Und wenn es eine Maus geschafft haben sollte in den Bienenstock einzudringen (um Bienenmaden zu naschen), kann diese zwar von den Wächterbienen totgestochen, aber nicht mehr entfernt werden.

Dann dient das Propolis der Unschädlichmachung des Leichnahms.

Die Bienen ummanteln den Kadaver vollständig. -Dies war schon den alten Ägyptern Vorbild und Propolis wurde auch zur Mumifizierung mit eingesetzt!

 

Das Bienenkittharz/Propolis findet auch gerne in der Naturheilkunde Anwendung.

Darüber zu informieren obliegt aber nach der Gesetzgebung nur Apothekern u. Ärzten.

Da das Internet aber auch viele Informationen auf Ihre Fragen frei geben kann, empfehle ich hierzu eine Recherche !

 

Gelee Royale -Der Stoff, der Königinnen macht.

 

Dieser königliche Futtersaft hat nichts mit Honig zu tun. Er wird von den Ammenbienen produziert um in den ersten 3 Tagen die neue Bienenbrut zu füttern. Danach bekommen die gewöhnlichen Bienenmaden nur noch Pollen u. Honig.

Soll aus einem Ei eine neue Königin werden, gehen die Ammenbienen anders vor: 

Anstatt einer sechseckigen Brutzelle werden sog. Näpfchenzellen gebaut. Diese sind viel größer und haben eine eher zapfenförmige Form.

In diese legt die alte Königin ein Ei, welches anschließend mit Gelee Royale aufgefüllt wird ( Die Made schwimmt geradezu in dem königlichen Saft). 

Auch wenn die fertige Königin schlüpft, bekommt sie als Einzigste ausschließlich Gellee Royale als Futter,und das ein Leben lang!

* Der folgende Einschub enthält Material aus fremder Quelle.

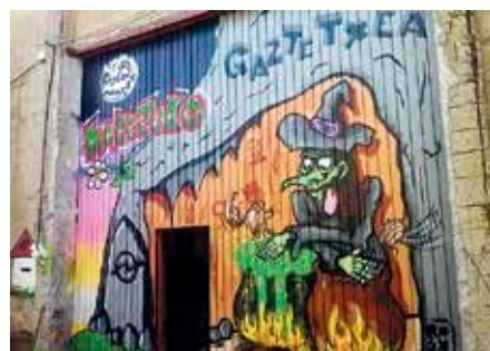
Bi gazte auzipetuta daude gaur egun.

Iragan urtarrilaren 28ko osoko bilkurara hurbildu ziren Kalezulo gazteetako hainbat kide, eraikin autogestionatuaren egoeraren berri ematera, eta, bereziki, aurreko egunetan Udalak adierazitakoari erantzuteko. Izan ere, Erandioko Gazte Asanbladak Udal Gobernuari leporatu zion urte hasieran herriko gazte biren aurkako auziaren eta gaztetxea ixteko saiakera baten atzean egotea. Ostera, Udalak gezurtatu egin zituen baieztapen horiek, HIRUKARI igorritako bost puntuko komunikatu labur batez. Horren harira, gaztetxeko kideek aitortu dute salaketa ez duela Udalak jarri, baizik eta «erakinaren ondasunak kudeatzen dituen gestorak», baina «Udalaren presio eta eskakizunen ondorioz» izan dela gaineratu dute. Udalak esan gaztetxearen kontra ez dagoela esan arren, eta gauzak «ondo» egitearen alde dagoela, gazteen ustez «administrazio horrek ez du interesik zein errespeturik izan, eta, ondorioz, gazteon proposamenek ez dute ganorazko erantzunik jaso inoiz».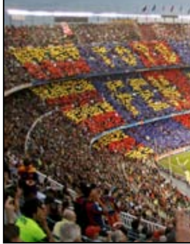
ملعب كامب نو يضيف مباراة برشلونة وبيلباو

ونال الشياخي البطاقة الحمراء مباشرة في واقعة تحدث لأول مرة منذ انتقاله إلى زيورخ منذ ٨ سنوات. ويغيب الشياخي عن لقاء لويزين وبال في الدوري يومي ٤ و١٢ نيسان المقبل وأيضاً أمام سيون في مباراة دور الأربعة ببطولة كأس سويسرا يوم ٧ من الشهر ذاته.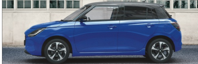
Abbildung zeigt aufpreispflichtige Sonderausstattung. Mehr Informationen zu Ausstattungslinie und Sonderausstattungen finden Sie hier: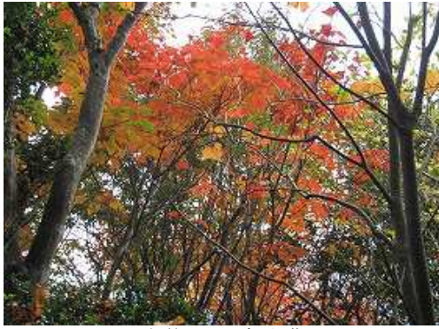
尾根筋のカエデの紅葉。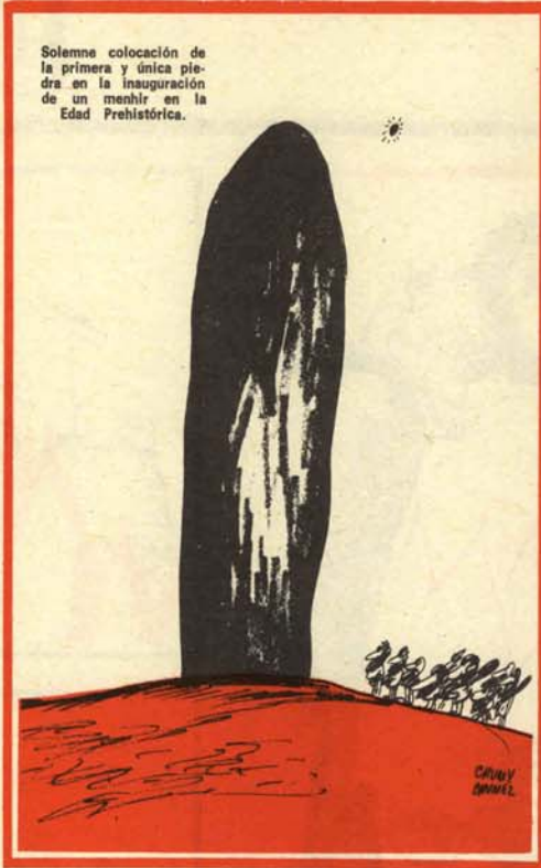
Solemne colocación de la primera y única piedra en la inauguración de un menhir en la Edad Prehistórica.

Allein dieses Futter bestimmt, ob aus einer Made eine Arbeiterin oder Königin wird.

Die Lebenserwartung einer gewöhnlichen Biene liegt je nach Jahreszeit bei ca.30 Tagen bis mehreren Monaten. Dagegen kann eine Königin an die 7 Jahre alt werden und legt während dieser Zeit hunderttausende von Eiern.

Deshalb spricht man diesem Stoff auch in der Naturheilkunde und der Kosmetikindustrie besondere Eigenschaften zu.

Bei näherem Interesse bitte selber Recherchieren!

 

Will der Imker für den Menschen Gelee Royale ernten, so muss er eine Näpfchenzelle(Königinnenzelle) aufbrechen und mit einer Pipette die wenigen Milliliter Gelee Royale entnehmen. Diese werden zur Haltbarmachung tiefgefroren.

Es kann nur wenig geerntet werde. Das macht den hohen Marktpreis aus.

 

Blütenpollen

 

Das ist der Proteinspender für Bienen und viele andere Insekten.

Die Sammelbienen sammeln den Blütenstaub in ihren Pollentaschen an den Hinterbeinen.

Sind diese gefüllt, werden diese im Bienenstock als Vorrat in Pollenwaben umgepackt.

Pollen dienen zur Aufzucht der Brut, sind aber auch für die tgl. Nahrung der Bienen notwendig. 

Der Blütenpollen gibt den Bienen Power u. Zusatzstoffe,welche diese brauchen um ihre enorme Arbeitsleistung bewältigen zu können.

 

Pollen werden als Nahrungsergänzungsmittel gerne von Sportlern zur Leistungssteigerung eingenommen. Aber auch bei Schwächezuständen und weiteren Indikationen werden sie geschätzt.

(Verweis auch hier auf eine eigene Recherche).

 

Will der Imker Pollen ernten, montiert er ein Pollensieb vor dem Eingangsloch des Bienenstocks.

Alle Bienen müssen sich hier hindurchquetschen.

Das ist so eng, dass sich dabei der Inhalt der  Pollentaschen an den Beinen von selbst entleert.

Die Pollenpakete fallen in ein Sammelfach. Abends entnimmt der Imker diese um sie direkt zu verzehren oder zur längeren Haltbarmachung zu trocknen.

 

Die Pollengewinnung ist nur über kurze Zeit im Jahr möglich, da das Bienenvolk sonst zu stark geschwächt werden würde.